私の大学最後の1年間、いや、残りの人生で重要な役割を果たす人物がいた。その女性は、信仰と熱意を試され鍛えられた日本人の若い男である私の将来を決定づけた。これが、中国系アメリカ人2世で、アリゾナ州ツーソン市からやって来た東洋人の女性との初めての出会いだった。彼女の名前はジョイス。彼女は台湾へ伝道する宣教師として人生を捧げる決心をしていた。
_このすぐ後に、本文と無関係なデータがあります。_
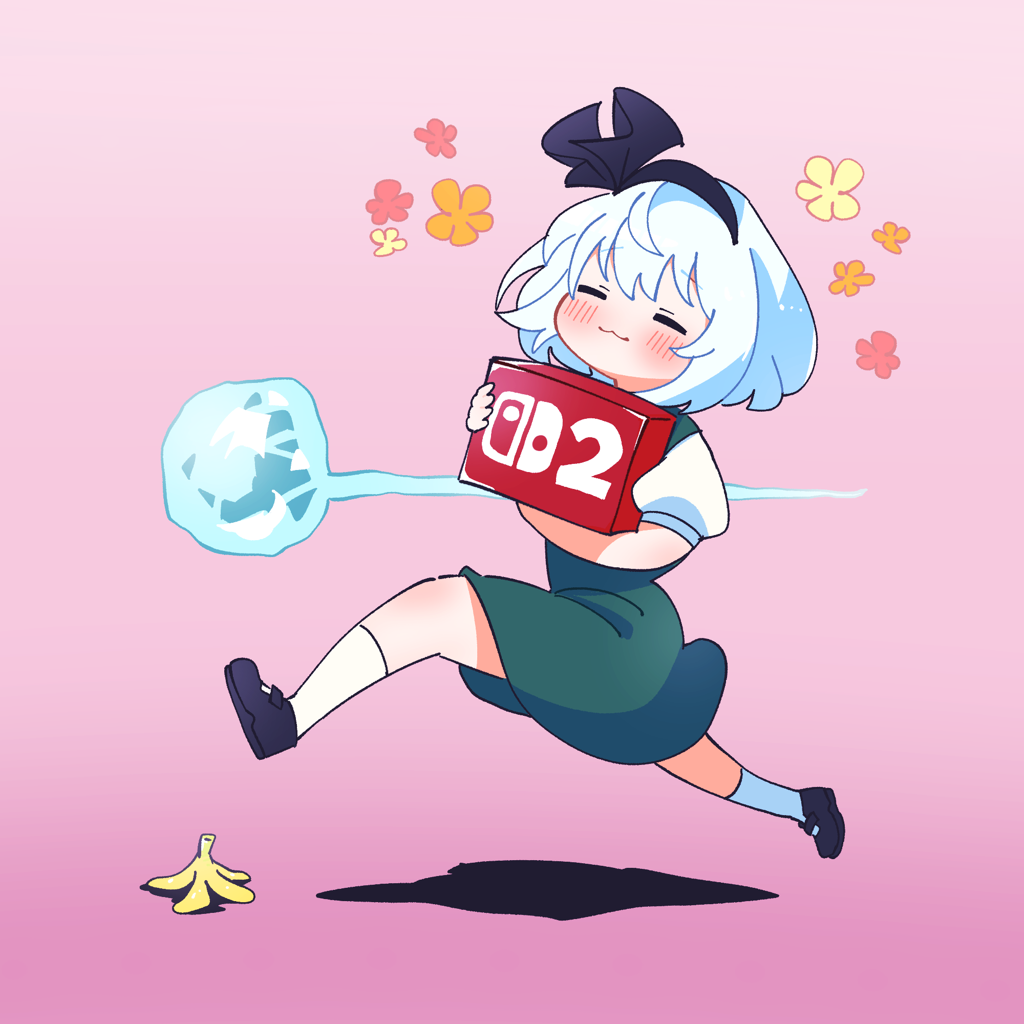 banana_peel box gramgarage9 highres holding holding_box konpaku_youmu konpaku_youmu_(ghost) nintendo_switch_2 running touhou

1962年9月4日の午後、私は樫の木の下で彼女に会った。珍しく暖かい陽光が色とりどりの木の葉を反射していた。木の葉は風でゆらゆらと揺れ、ミネソタに初秋が来たことを示していた。人目惚れだったのだろうか?彼女は神がお送りくださった私の祈りへの答えなのだろうかと思った。私は2年間に渡って、東洋人に会わせて下さいますようにと祈っていたからだ。もちろん、私は日本人の心を持つ日本人女性という風にもっと詳しく祈るべきだった。しかし、私は特別な女性を見つけ出すのに神に多大なご苦労をおかけしたくはなかった。それで、私は神に願いを聞き届けて頂き易いように、少なくとも妻になる女性は大学にやってきた最初の東洋人女性でありますように、と望みを低くしたのだった。
「“リトル・ディッパー”にアイスクリームを食べに行きませんか?僕がおごりますよ。」
「いいえ、ダメだわ。アイスクリームを買うお金ならありますもの。」
「いやいや、僕はそんなことを言っているのではありません。誰かとアイスクリームを食べるとすごくおいしいのですよ。僕はそれをあなたと分かち合いたいだけなのです。」
何度か説得を試みて、ようやく彼女は私の提案を渋々受け入れた。
「2つではなくて、1つにして下さい。」
彼女は叫んだ。(アイスクリームをおごってやるというのに、彼女はなぜ愛想良く受けられないのだろうか?)樫の木の下に座って私はつぶやいた。私にとって、ちっとも経済的な負担ではなかった。もし彼女が私の手足を欲しいと言ったとしても、私は差し出したに違いなかった。彼女は私の心を読んでいた。
「私がなぜこの大学に来たのか、そして、なぜアイスクリームを食べるのが馬鹿げていると思うのかをお話します。私は本当にそれが嫌なのです。特にすべてのお金が授業料に当てられている状況ではね。」
私は彼女の気分を害したようだった。
「トム、溶けてしまう前にアイスクリームを食べてしまいなさいよ。」
私は素早く食べ終わった。口の周りを舐めて残った味を楽しんだ。彼女と再びアイスクリームを食べられるかどうか、わからなかった。それから、彼女はゆっくりと慎重に心を開いて心の内をさらけ出してくれた。そして、アリゾナ大学でエンジニアの修士号を取得した3人の兄に会った話をした。
「私の家族は、私が宣教師になるために人生を捧げ、台湾に行くのを認めてくれないのです。私の両親は中国本土からやってきました。両親は私にアリゾナ大学へ進学するよう強く勧め、学費を全額出すとまで言い出したのです。」彼女は情熱的に続けた。
 「トム、私が宣教師になるという“使命”に従わなければならないことが理解できますか? 私は両親と兄に背いて、高いお金を払って、このバプテスト・バイブル・カレッジにやってきたのです。私には、これは生きるか死ぬかの問題なのです。私の将来は、学費を自分で払うという真剣な気持ちにかかっているのです。私は10セントも両親からもらっていません。もし両親が何千ドルをあっさりと送ってきたとしても、私は決して受け取らないつもりです。」